**Given material**
"""
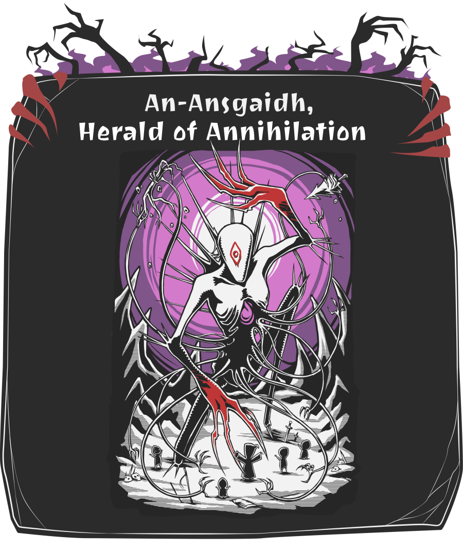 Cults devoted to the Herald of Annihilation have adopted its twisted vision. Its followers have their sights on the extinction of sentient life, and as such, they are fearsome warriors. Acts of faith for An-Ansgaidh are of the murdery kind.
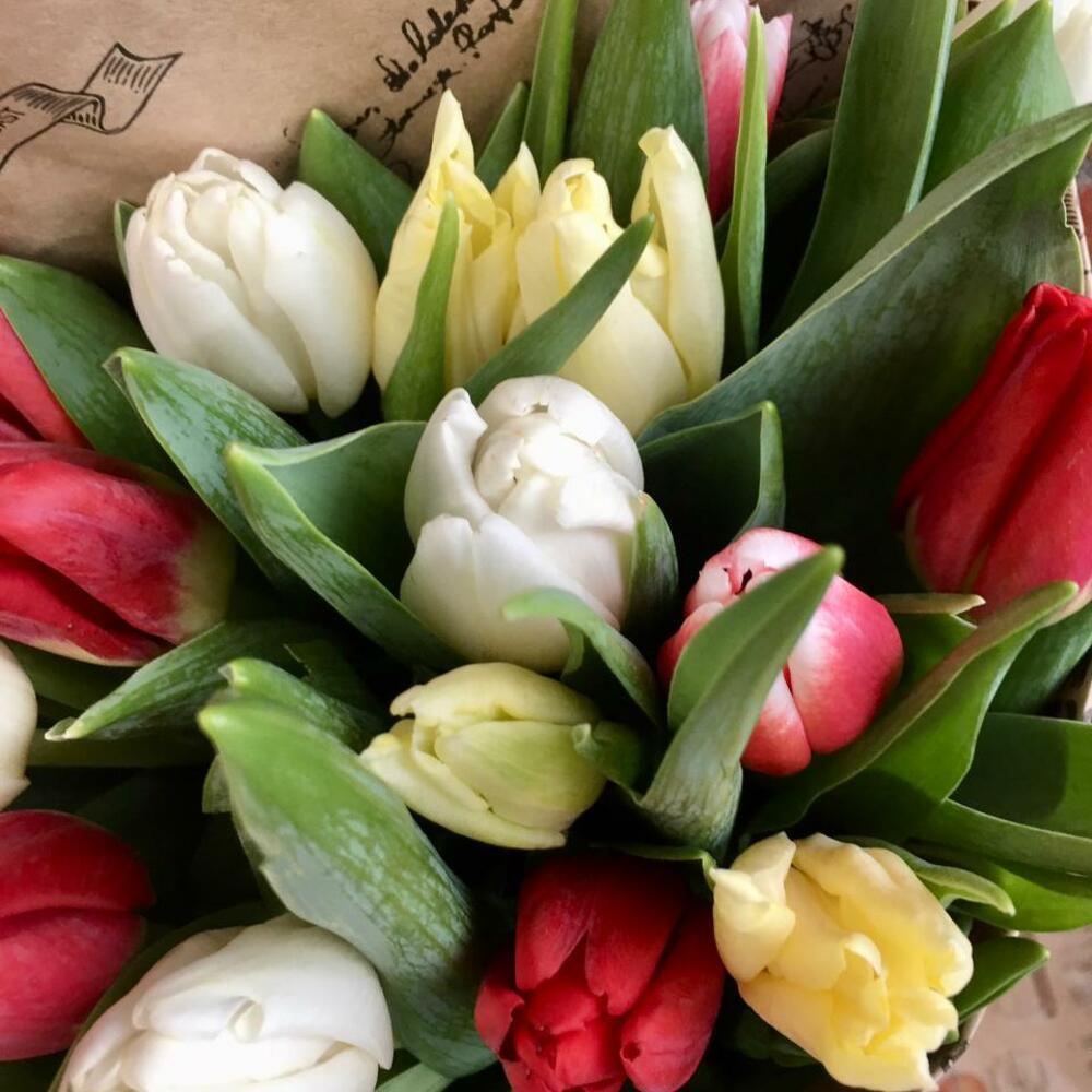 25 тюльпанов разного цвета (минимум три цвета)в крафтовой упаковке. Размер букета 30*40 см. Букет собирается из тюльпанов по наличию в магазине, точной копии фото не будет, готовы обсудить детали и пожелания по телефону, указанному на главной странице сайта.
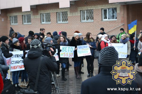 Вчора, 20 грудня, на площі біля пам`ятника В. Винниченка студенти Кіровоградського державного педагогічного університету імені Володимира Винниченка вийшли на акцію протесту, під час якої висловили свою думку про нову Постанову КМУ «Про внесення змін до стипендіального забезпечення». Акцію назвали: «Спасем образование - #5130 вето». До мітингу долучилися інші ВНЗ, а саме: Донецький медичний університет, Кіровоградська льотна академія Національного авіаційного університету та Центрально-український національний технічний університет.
"""
**What you are asked to do**
It would help to have the listing above repeated exactly, with all images removed.

**Answer for the task**
 Cults devoted to the Herald of Annihilation have adopted its twisted vision. Its followers have their sights on the extinction of sentient life, and as such, they are fearsome warriors. Acts of faith for An-Ansgaidh are of the murdery kind.
 25 тюльпанов разного цвета (минимум три цвета)в крафтовой упаковке. Размер букета 30*40 см. Букет собирается из тюльпанов по наличию в магазине, точной копии фото не будет, готовы обсудить детали и пожелания по телефону, указанному на главной странице сайта.
 Вчора, 20 грудня, на площі біля пам`ятника В. Винниченка студенти Кіровоградського державного педагогічного університету імені Володимира Винниченка вийшли на акцію протесту, під час якої висловили свою думку про нову Постанову КМУ «Про внесення змін до стипендіального забезпечення». Акцію назвали: «Спасем образование - #5130 вето». До мітингу долучилися інші ВНЗ, а саме: Донецький медичний університет, Кіровоградська льотна академія Національного авіаційного університету та Центрально-український національний технічний університет.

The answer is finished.